From Governance Decisions to Technical Depth
Part 3 of this guide introduced PETs in a table: differential privacy, federated learning, synthetic data, homomorphic encryption. Part 6 showed Meridian Analytics evaluating each one, adopting differential privacy, rejecting federated learning, and deferring homomorphic encryption. Those were governance decisions. This article provides the technical depth behind them.

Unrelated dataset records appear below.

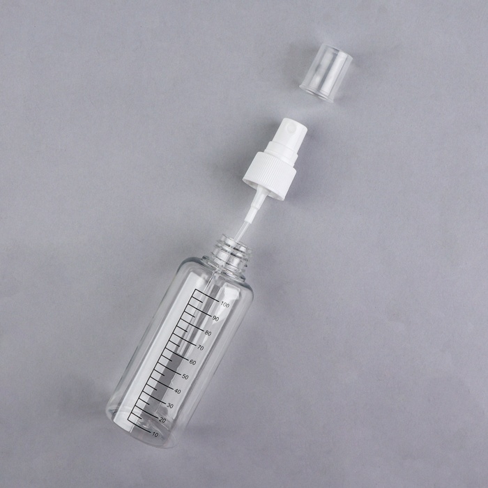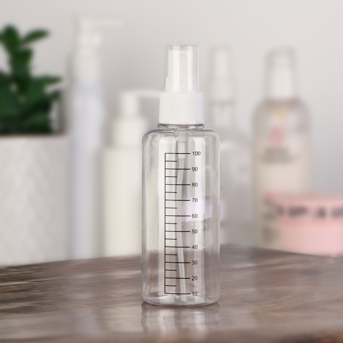 Бутылочка для хранения, с распылителем, со шкалой деления, 100 мл, цвет белый/прозрачный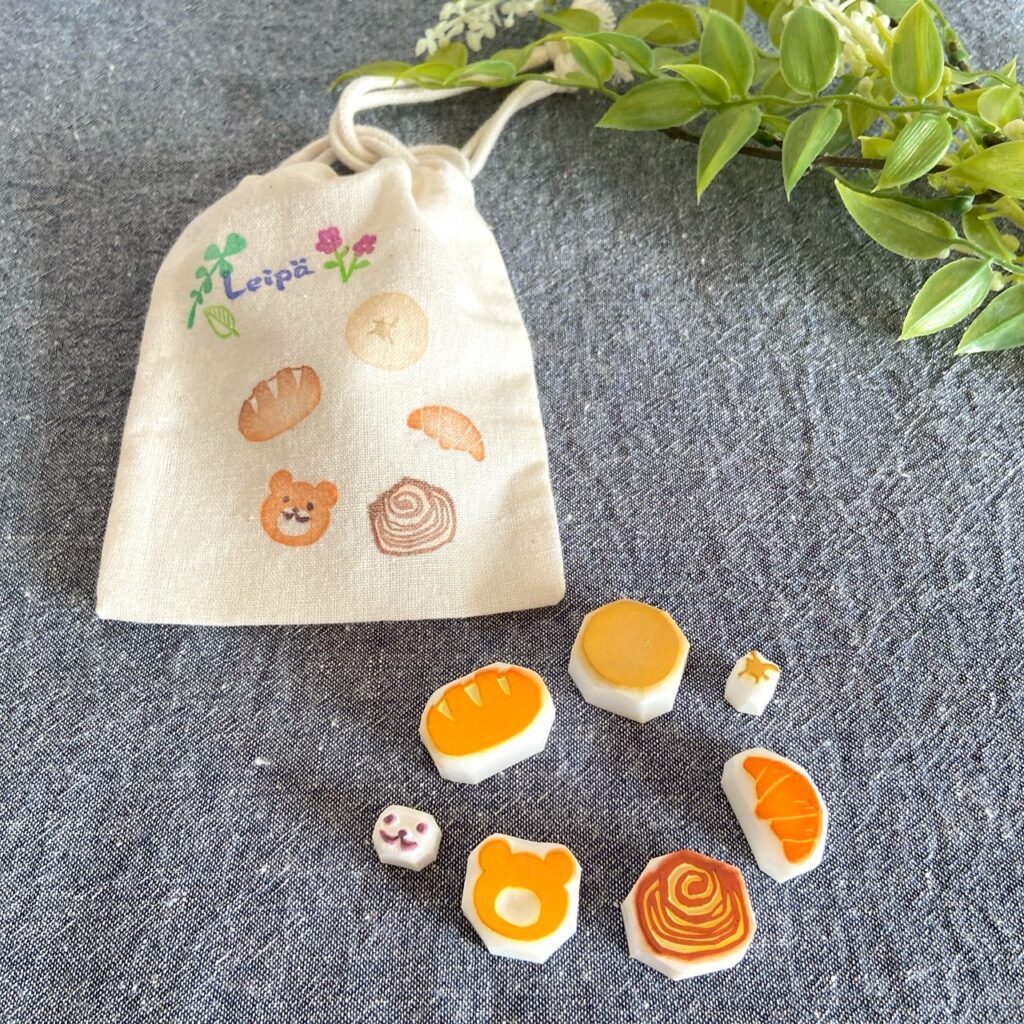 Keitto Leipaのパンや北欧デザインの消しゴムはんこを使って、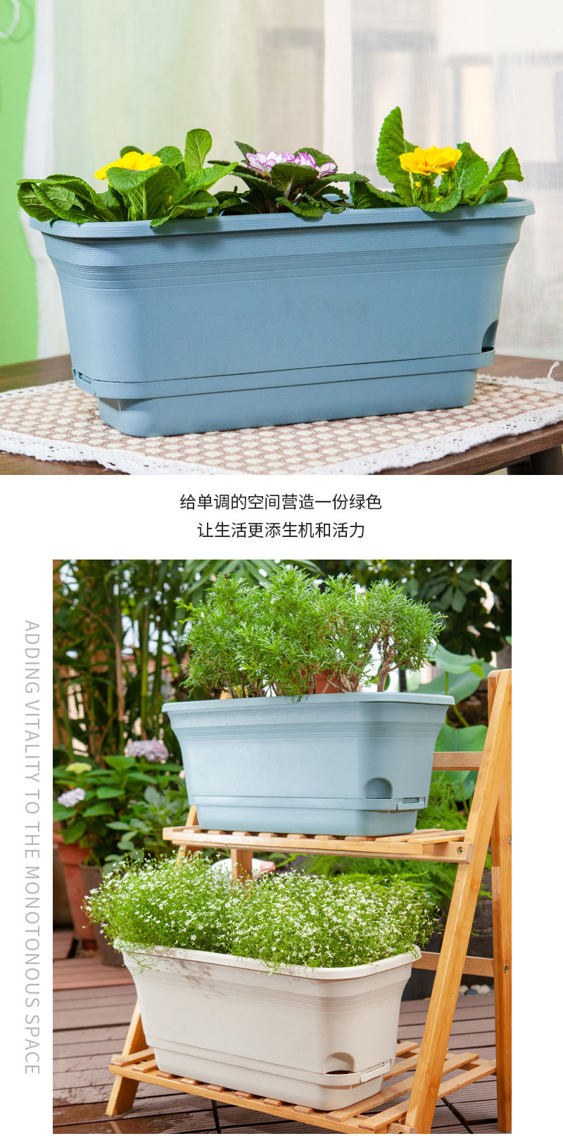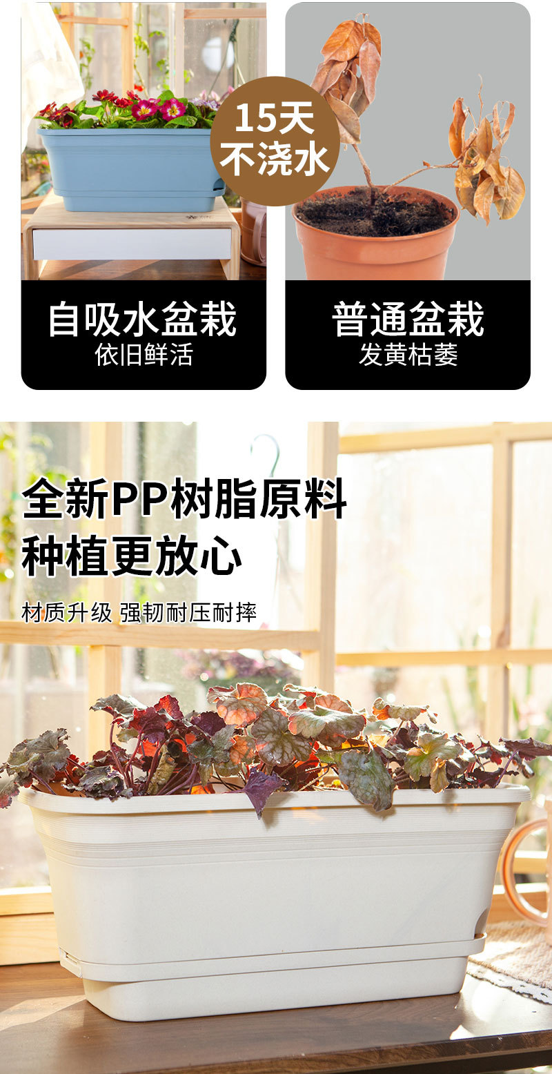 게으른 꽃 냄비 새로운 두꺼운 자기 흡수 직사각형 발코니 야채 분지 트레이 가족 심기 상자 도매스토어 가기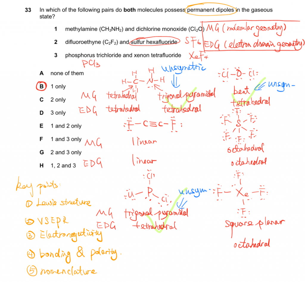 想要快速做对这一题目,同学们需要熟悉Lewis structures 的画法,同时,Nomenclature 必须要过关,否则题目给出名称,无法成功向 Formula 转化,这个题目,肯定无法攻克。此外,从 2022 年开始,VSEPR 部分也成为了 Section 2 的重要考点,所以同学们一定要熟悉题目后列出的表格信息。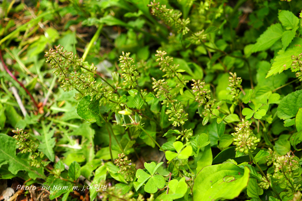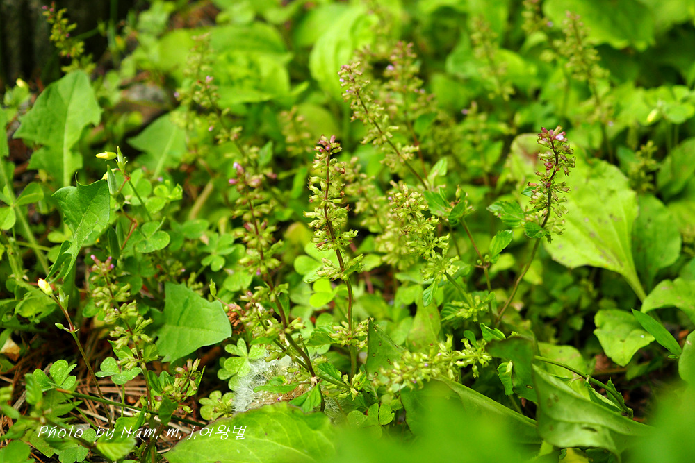 원형에 기까운 작은 잎과 연속적인 꽃차례를 보아하니 애기탑꽃이 아닐까 하고 촬영을 했는데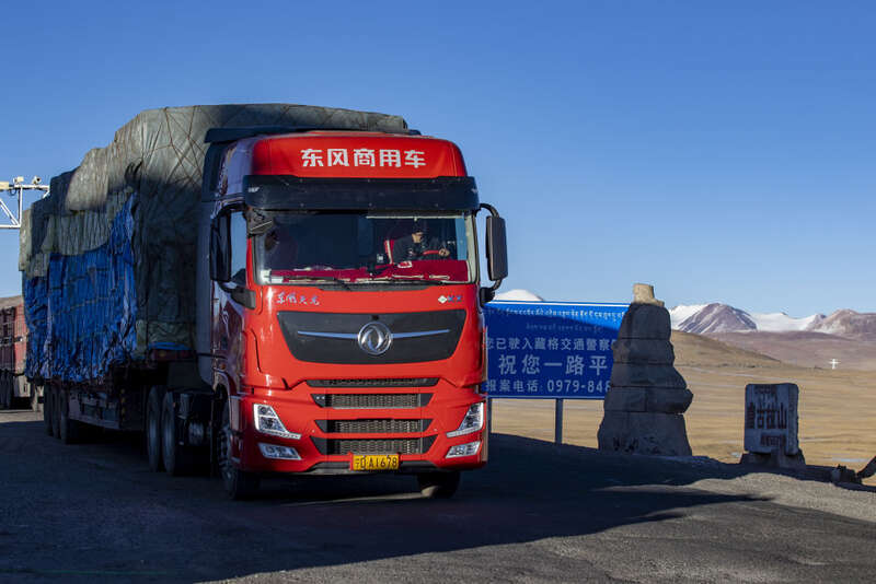 顿珠说,一卡车将近20吨货物每晚七八点从拉萨出发,第二天上午八九点就能到达申扎,旺季一天一车,淡季两天一车。作为拉萨方向果蔬供销的负责人,他经常往返两地。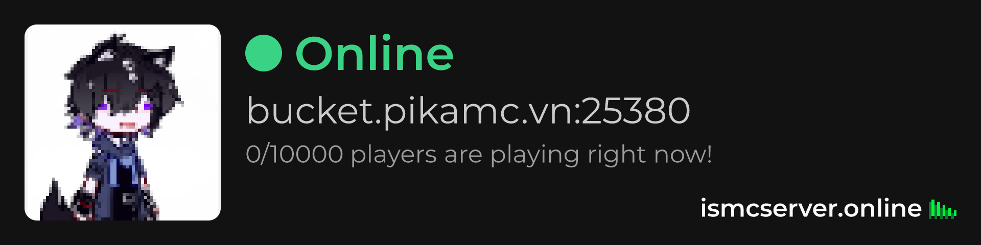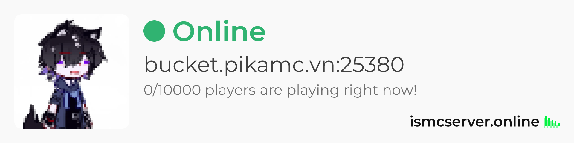 Dark theme: https://ismcserver.online/bucket.pikamc.vn:25380/widget?dark=true

The question shifts from “which PET should we adopt?” to “how does each technique actually work, and where does it break down?”
The answer depends on context. A credit card number in a payment processing pipeline needs tokenization. The same number in a dev/test copy of production needs static masking. A research dataset derived from hospital records needs statistical de-identification. The classification tier tells you the sensitivity. The use case tells you the technique.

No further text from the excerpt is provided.